Куда уж нам бахвалиться,
Недаром Вахлаки! (III, 341)
Вахлаки здесь — с большой буквы.
Некрасовское крестьянство, «оседлое», «коренное», и едино в своей трудовой основе, и многосложно. «Корежина» — символическое обозначение не только целого края, но и
особой сферы жизни. Вахлачина — тоже символ крестьянской жизни, но акцент здесь иной: слово это означает прежде всего тупость, забитость, покорность и темноту.
Мы уже отметили, что Некрасов после «Последыша» работал не над естественным сюжетным продолжением его, а над частью «Крестьянка», как бы уйдя в сторону, вернее,
отступая назад. Но это лишь для того, чтобы тем вернее идти вперед.
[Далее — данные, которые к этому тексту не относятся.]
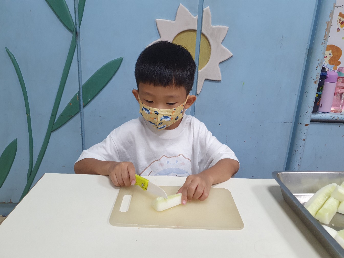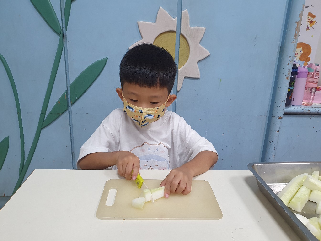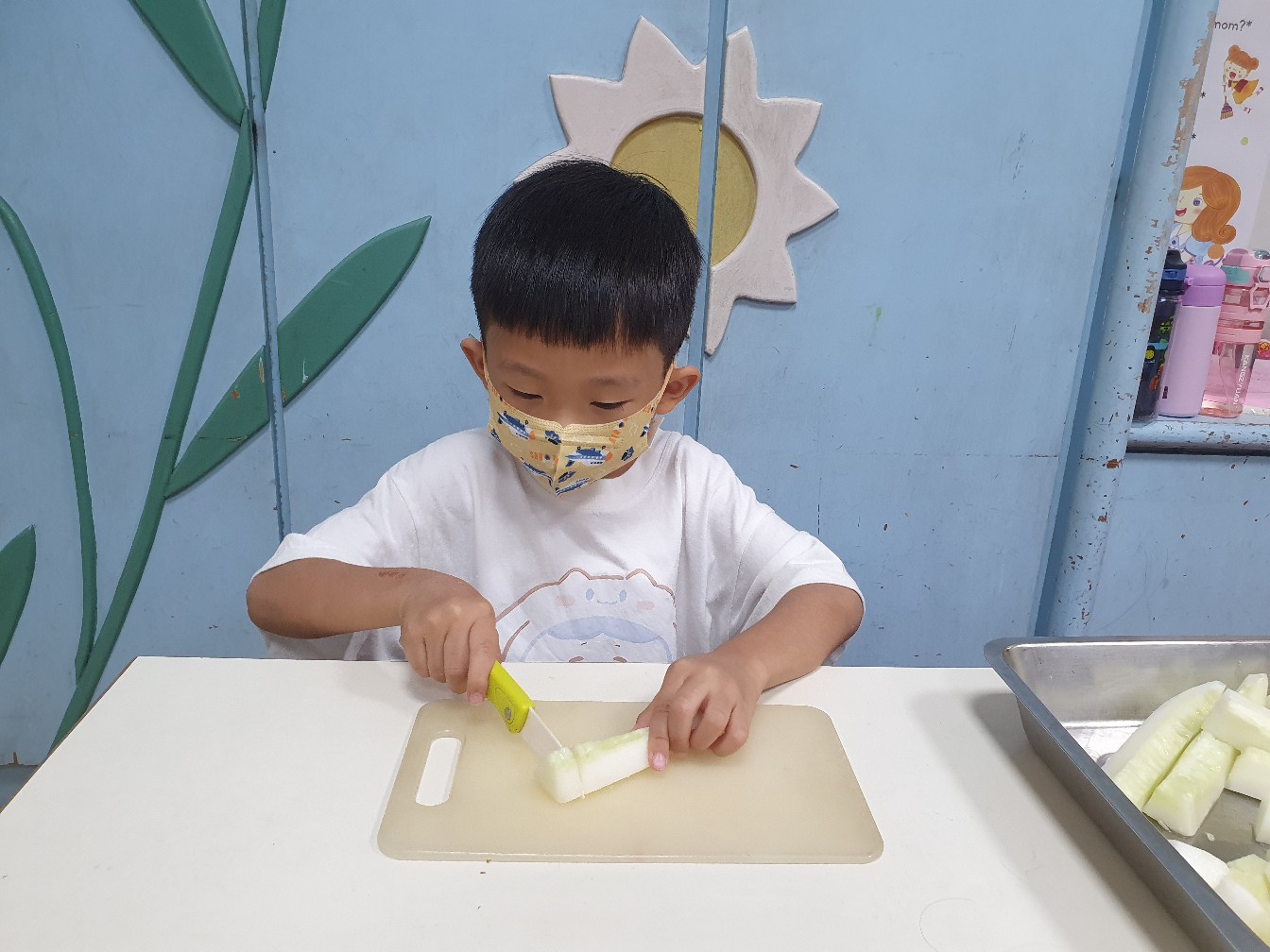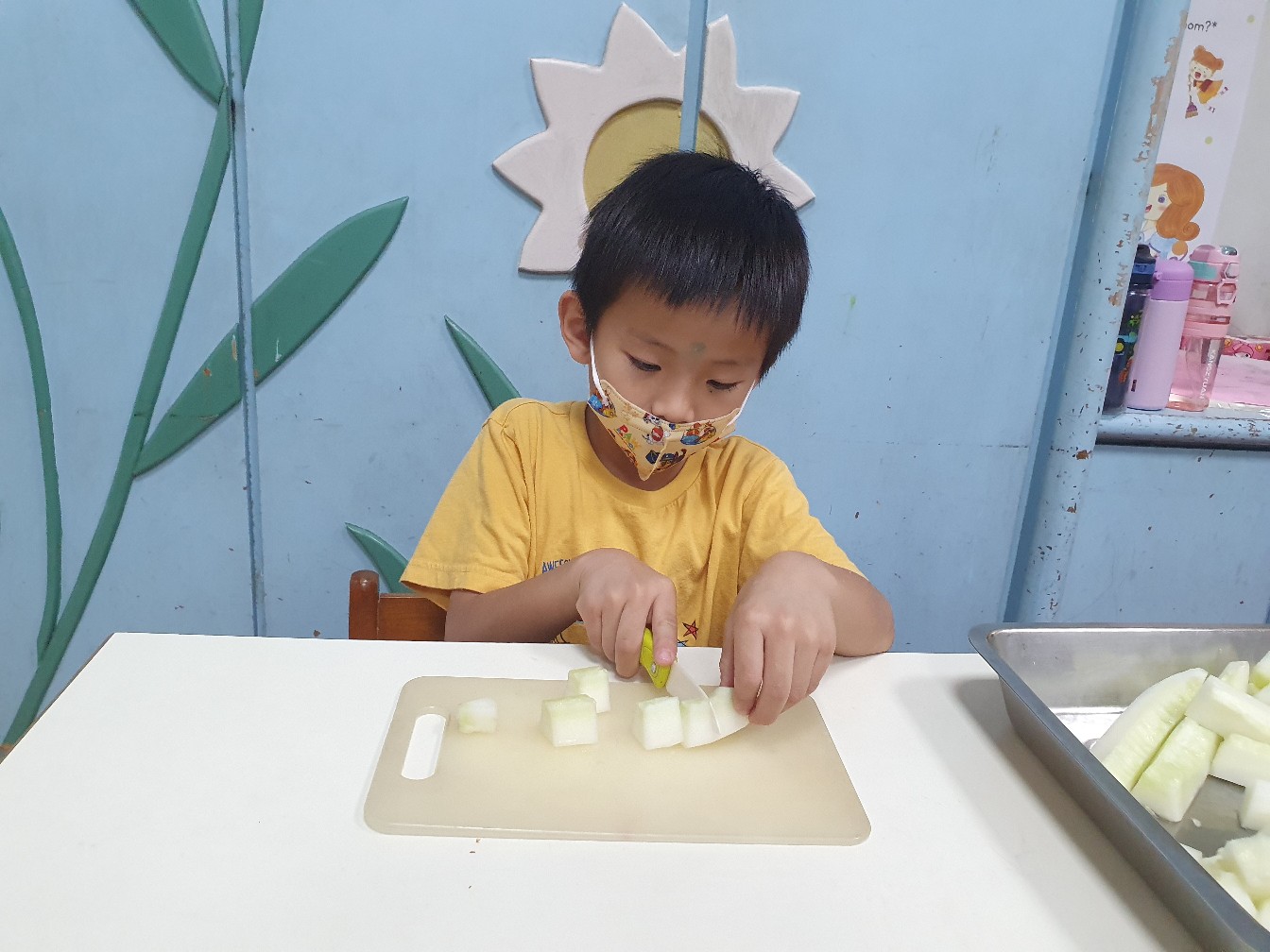 相簿名稱: 向日葵班-蒙特梭利教學(日常生活教育-切大黃瓜)

В «Крестьянке» поэт поднимал глубокие пласты жизни народа, его социального бытия, его этики и его
поэзии, уясняя, каков же подлинный потенциал этой жизни, ее творческое начало. Работая над богатырскими характерами (Савелий, Матрена Тимофеевна), созданными на основе
народной поэзии (песня, былина), поэт укреплялся в своей вере в народ. Эта работа становилась залогом такой веры и условием дальнейшей работы уже на собственно
современном материале, который оказался продолжением «Последыша» и лег в основу части, названной поэтом «Пир на весь мир».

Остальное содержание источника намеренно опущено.